What are Qa Engineer metrics? Finding the right Qa Engineer metrics can be daunting, especially when you're busy working on your day-to-day tasks. This is why we've curated a list of examples for your inspiration.
You can copy these examples into your preferred app, or alternatively, use Tability to stay accountable.
Find Qa Engineer metrics with AI While we have some examples available, it's likely that you'll have specific scenarios that aren't covered here. You can use our free AI metrics generator below to generate your own strategies.

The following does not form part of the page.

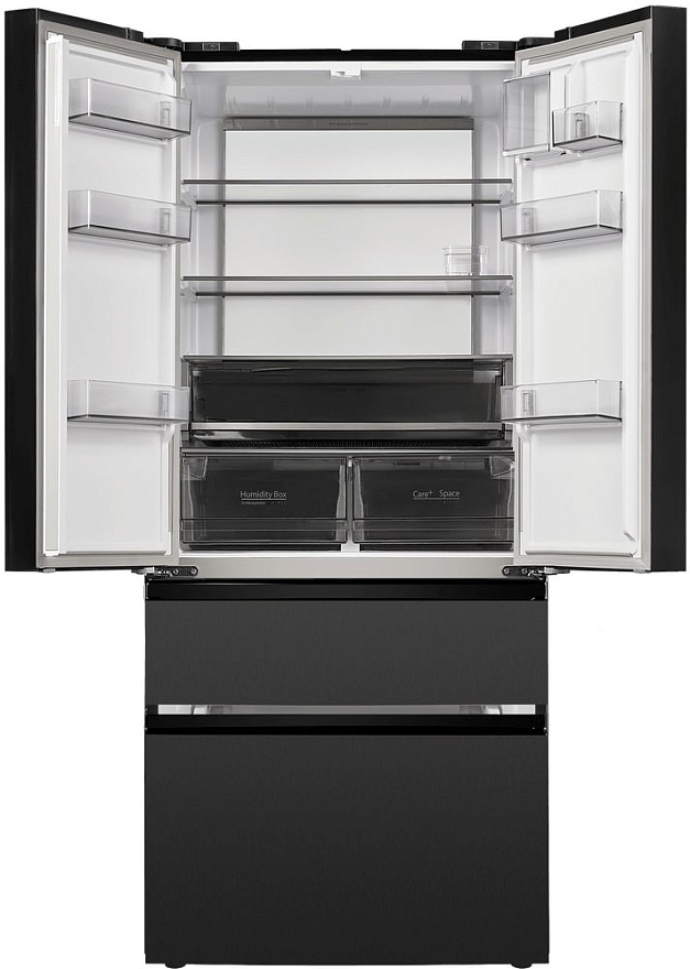 Внутри холодильника расположены три полки из закаленного стекла и семь полок на двери, а также два ящика для овощей и фруктов. В морозильном отделении предусмотрено два ящика. Все это обеспечивает удобное размещение продуктов и их быстрый доступ.
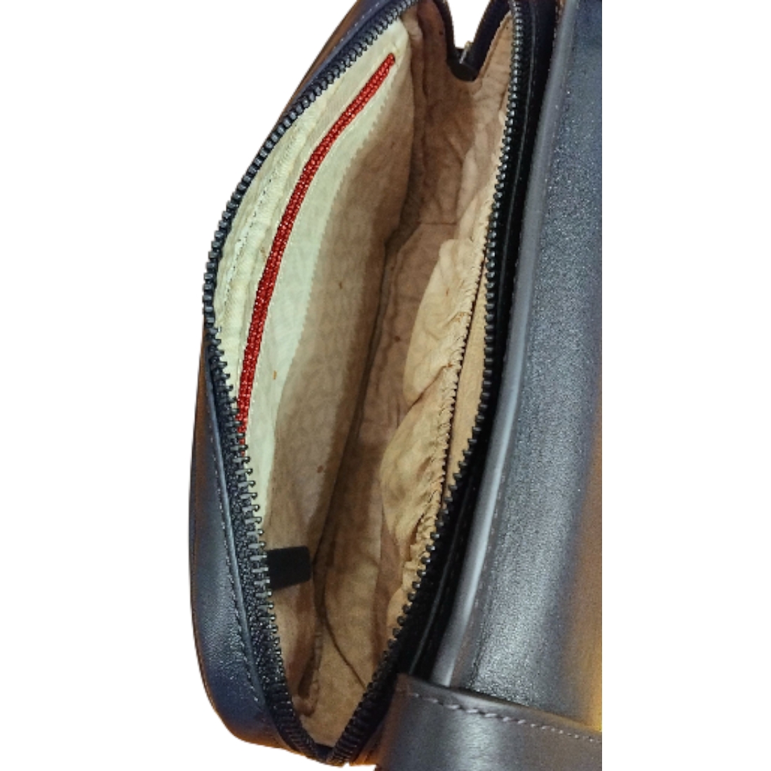 - Hinten: 1 Fach mit Zip + Druckknopfsicherung

Examples of Qa Engineer metrics and KPIs 1. Release Frequency Measures the number of releases over a specific period. Indicates how quickly updates are being deployed.
What good looks like for this metric: 1-2 releases per month
Ideas to improve this metric Automate deployment processes Implement continuous integration/continuous deployment practices Invest in developer training Regularly review and optimise code Deploy smaller, incremental updates 2. Lead Time for Changes The average time it takes from code commitment to production release. Reflects the efficiency of the development pipeline.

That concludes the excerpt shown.